World stock indexes declined on Tuesday, with Wall Street well into negative territory in afternoon trading, while the U.S. dollar fell to a two-month low and Treasury yields eased after data suggesting a cooling in the U.S. labor market.
The U.S. Labor Department report showed U.S. job openings in February dropped to the lowest level in nearly two years.
In addition, a separate report showed new orders for U.S.-manufactured goods fell for a second straight month in February amid ebbing demand for civilian aircraft.
The yield on two-year Treasuries, which typically moves in step with interest rate expectations, fell to 3.838%.
Crude oil prices were near flat after Monday’s sharp rally tied to Sunday’s announcement of an output target cut by the Organization of the Petroleum Exporting Countries (OPEC) and its partners.
Brent crude rose 1 cent to settle at $84.94 a barrel, while U.S. crude gained 29 cents to settle at $80.71.
The recent spike in oil prices has added to concerns about higher costs for businesses and consumers, but some investors think U.S. data signaling some cooling in the economy could possibly allow the Federal Reserve to loosen monetary policy.
The Dow Jones Industrial Average (.DJI) fell 238.53 points, or 0.71%, to 33,362.62, the S&P 500 (.SPX) lost 28.15 points, or 0.68%, to 4,096.36 and the Nasdaq Composite (.IXIC) dropped 78.02 points, or 0.64%, to 12,111.43.
The Fed and other central banks have been raising interest rates to bring down inflation, and investors have been trying to gauge how much longer the tightening cycle will continue.
“Cooling down of the labor market is one of the things necessary to combat inflation,” said Andrzej Skiba, head of the BlueBay U.S. fixed income team at RBC Global Asset Management in New York.
On Tuesday, rate futures markets were pricing in a roughly even chance of a 25 basis-point rate hike in May, with rest of the odds tilted toward a pause from the Fed.
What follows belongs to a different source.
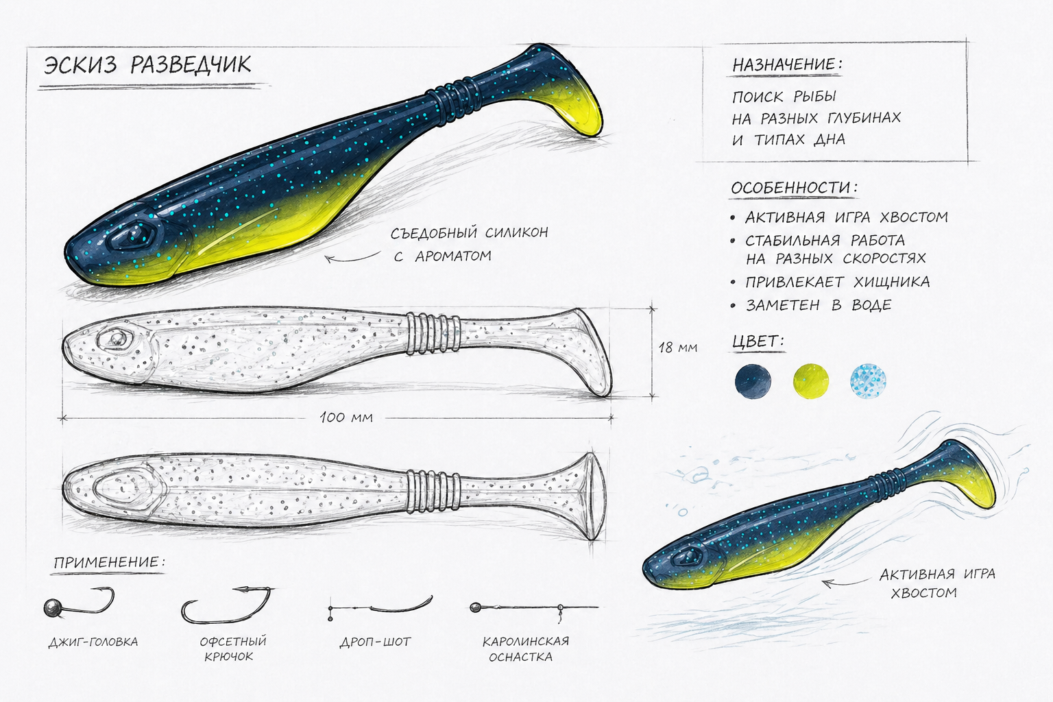 Сначала я придумал образ приманки: она должна была быть яркой, заметной и похожей на маленькую рыбку, которая активно играет в воде. Я выбрал форму мягкой силиконовой рыбки с подвижным хвостом, потому что такая форма хорошо передаёт движение.
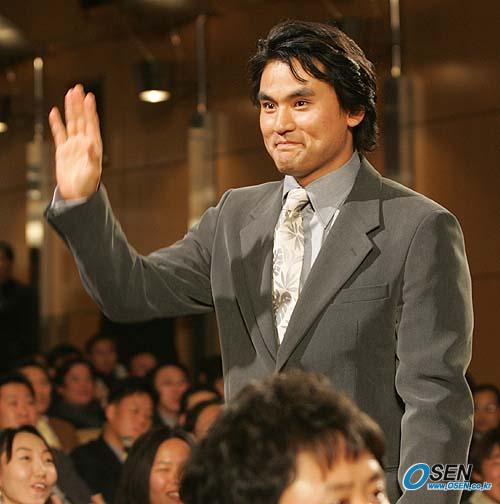 11일 오후 서울 삼성동 코엑스 오디토리움에서 벌어진 삼성PAVV 프로야구 2005 골든글러브 시상식에 이날 낮 100승 사은회를 가진 박찬호 부부가 참석했다. 박찬호가 사회자의 소개로 일어나 관객들에게 손을 흔들며 인사하고 있다./손용호 기자 spjj@osen.co.kr [Copyright ⓒ OSEN(www.osen.co.kr) 무단전재 및 재배포 금지]

On Monday, the probability of a 25-bp hike was more than 65%.
The U.S. dollar index was last down 0.4% after falling to its lowest level in about two months, while the euro was up 0.5% at $1.09520.
“We believe the buck will slowly but surely continue to dwindle as the challenges of a recovering economy that wants to get away from dollar dominance will put downward pressure on its value,” said Juan Perez, director of trading at Monex USA in Washington.
The Australian dollar came under pressure after the Reserve Bank of Australia left interest rates unchanged after 10 straight increases. It was last down 0.7% against the U.S. dollar at $0.6737.
Spot gold added 1.8% to $2,020.53 an ounce.